3. Overall Quality Control
Validation is the testing of results to ensure that appropriate high level processing and selection decisions have been made, and ensuring that ultimate results match the intent of the discovery team. Quality Control (“QC”) involves testing to see that specific technical processes were performed as expected, regardless of what the results show. For example, a QC task may check to see that a particular set of data was properly indexed for full text searching; that certain search terms were applied to those indices; and that resulting search hit items were identified.

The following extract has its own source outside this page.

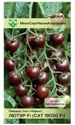 Томат Лютер F1 7шт (САТ 19030) МинскСортСемОвощ. Ранний урожайный гибрид с плодами уникального шоколадно-коричневого цвета. Растение индетерминантное, высотой 160-180 см. Плоды округлые, однородные по форме и размеру, массой 20-25 г, сладкие, отличных вкусовых и товарных качеств. Урожай собирают поштучно и кистями (в среднем по 12 плодов в каждой кисти). Рекомендован для выращивания в необогреваемых теплицах.

A validation process would check to see that the search terms applied actually garnered items that contained false hits, or in the alternative returned items which were relevant to the case based upon stated criteria.
4. Overall Reporting
To meet the needs of project management; status reporting; exception reporting; chain of custody and defensibility it is important that processing systems track the work performed on all items submitted to processing. Every item should have tracking information as to the various tasks that have been performed on each item. In addition, systems should be able to roll up this item level tracking information to show reports representing overall status, or status of any particular item or group of items whether they are ultimately moved forward into review or not. It is important to be able to document all high level processing and selection decision pertaining to the processed data, and the system should be able to show the effect of those processing and selection decisions on the data.